The phone call to Mexico for the family of a young man who came in half gone and was now a living shell - that wasn't easy either. He's not really here, they wanted me to say. He's just a remnant now. It's time to disconnect. I wanted to stamp my foot as I took the phone receiver, and stop them - he's still alive, the body still works, don't turn him off! but in my heart, I knew they were right. Death was already here and he'd left us. He wasn't coming back.

And of course there are what I call perimeter deaths. I watched them working on the young Asian boy two beds over in the trauma bay. I wondered how his surgery went. Then two hours later, I passed the residents, and heard snatches. "He didn't make it out." "Traffic accident..." "..tragic..."

There was our 30s something patient sent home on hospice, Raul, having fought the best we could against his HIV and stomach cancer. We heard four weeks later that they didn't need to visit anymore. Another hole.

I didn't get 'death' as a kid - it was just grief to me. I left the dying part out and saw only the grief. But now I see it eating away, taking away, people I have known. It's just something that happens. And maybe that's what's so scary. Even here, in a hospital, it just happens.

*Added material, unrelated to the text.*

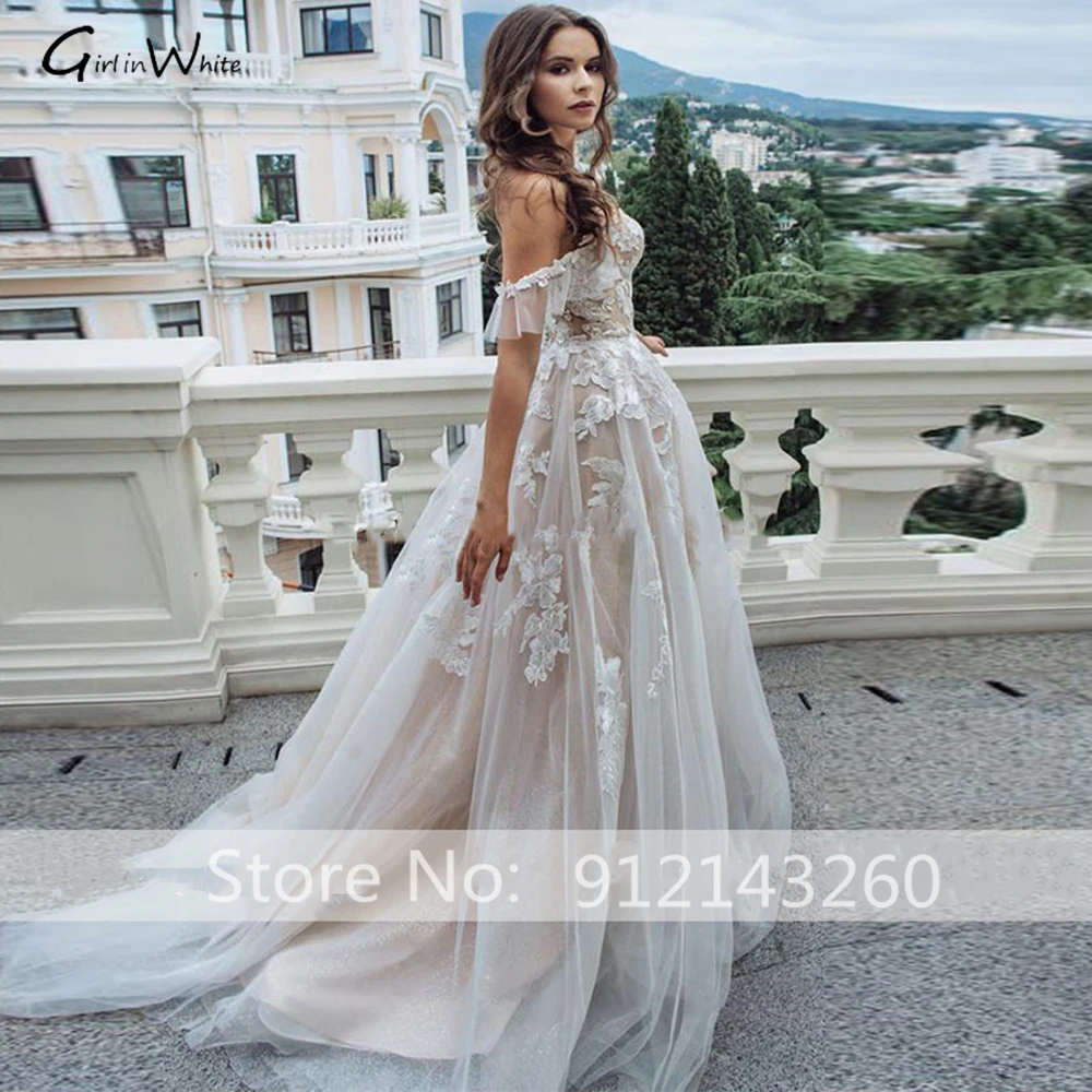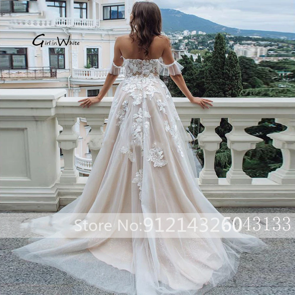 Женское ТРАПЕЦИЕВИДНОЕ свадебное платье, привлекательное Тюлевое платье цвета шампанского с открытыми плечами, аппликацией без рукавов, официальное платье для невесты, 2021

I always had this fuzzy, comforting feeling in the back of my mind, that no matter how sick someone got, you could just hook them up to the right machines and ride them through it until they could start recovering. I knew it wasn't true, but I think it was one of those protective mechanisms - my head knew it was impossible, but my heart really wanted to believe it. It's what we hear in the media, it's what we debate about in the newspapers, the line between living on a ventilator and extending dying by using one. Surely, now, in the 21st century, we can keep people alive! But we can't. And we shouldn't.

Tides are such a cliche, but I suddenly understand why they are appropriate for describing life. My world is filled with patients and they rise and fall like the tides, one moment full of familiar waters and the next bringing up new treasures. You can't stop it, I can't stop it - I shouldn't. But somehow, it's always a little sore, like rubbing over an old wound...more of a ... molestia, a trouble, a bothering. Yes, la molestia de la muerte.